Data
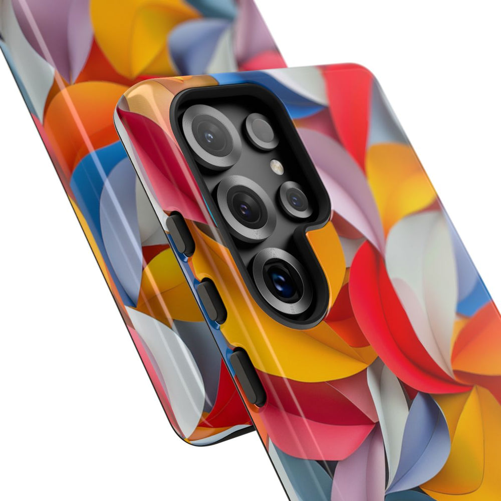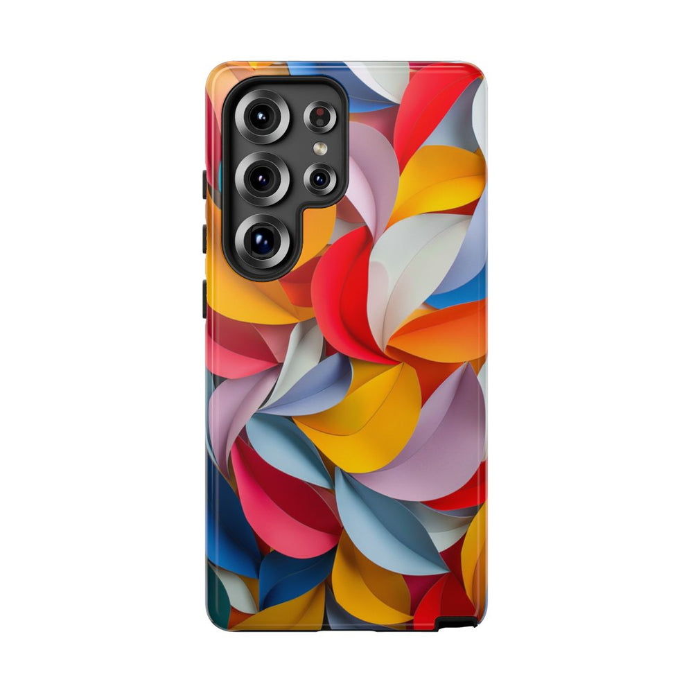 Dit telefoonhoesje is voorzien van een abstract patroon met overlappende vormen die doen denken aan bladeren of bloemblaadjes, alsof ze uit papier zijn gesneden. De vloeiende, gebogen vormen zijn in lagen aangebracht, wat zorgt voor diepte en een levendige uitstraling. Het kleurenpalet bestaat uit heldere tinten geel, rood, blauw, oranje, roze en teal, met een subtiele papierstructuur die zichtbaar is op de oppervlakken. Het hoesje heeft een glanzende afwerking en bestaat uit twee lagen voor extra stevigheid en bescherming. Ondersteunt draadloos opladen.
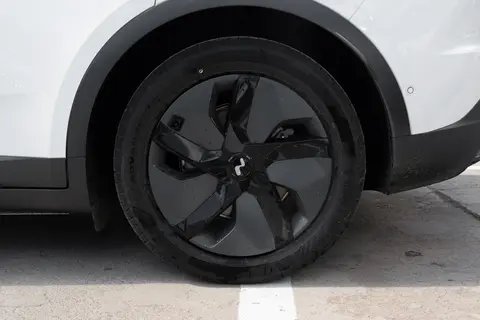 转到车身侧面,典型的溜背轿跑风格令人眼前一亮。前长后短的悬架设计与小比例车窗相得益彰,不仅展现出流畅的线条,还营造出一种跨界的独特神韵。新车配备了无框车门,这一设计元素无疑为其增添了几分时尚与豪华感,每次开门关门,都能成为街头的焦点。隐藏门把手的设计,不仅使车身外观更加简洁流畅,还能有效降低风阻系数。此外,后排隐私玻璃、低风阻轮毂和侧摄像头传感器等配置,也都进一步提升了车辆的整体质感与科技感。值得注意的是,虽然该车未搭载高阶智驾激光雷达,但这并不影响它在外观设计上的出色表现。
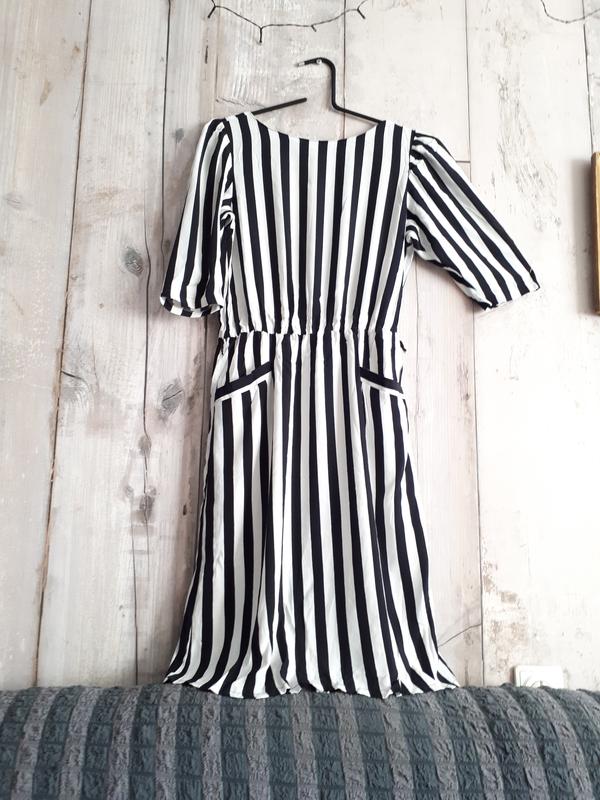 Винтажное платье-халат с карманом белое в черную полоску с застежкой сзади р s

What to produce
Please ensure that the data above is repeated exactly, with no pictures in the copy.

Solution to the problem
 Dit telefoonhoesje is voorzien van een abstract patroon met overlappende vormen die doen denken aan bladeren of bloemblaadjes, alsof ze uit papier zijn gesneden. De vloeiende, gebogen vormen zijn in lagen aangebracht, wat zorgt voor diepte en een levendige uitstraling. Het kleurenpalet bestaat uit heldere tinten geel, rood, blauw, oranje, roze en teal, met een subtiele papierstructuur die zichtbaar is op de oppervlakken. Het hoesje heeft een glanzende afwerking en bestaat uit twee lagen voor extra stevigheid en bescherming. Ondersteunt draadloos opladen.
 转到车身侧面,典型的溜背轿跑风格令人眼前一亮。前长后短的悬架设计与小比例车窗相得益彰,不仅展现出流畅的线条,还营造出一种跨界的独特神韵。新车配备了无框车门,这一设计元素无疑为其增添了几分时尚与豪华感,每次开门关门,都能成为街头的焦点。隐藏门把手的设计,不仅使车身外观更加简洁流畅,还能有效降低风阻系数。此外,后排隐私玻璃、低风阻轮毂和侧摄像头传感器等配置,也都进一步提升了车辆的整体质感与科技感。值得注意的是,虽然该车未搭载高阶智驾激光雷达,但这并不影响它在外观设计上的出色表现。
 Винтажное платье-халат с карманом белое в черную полоску с застежкой сзади р s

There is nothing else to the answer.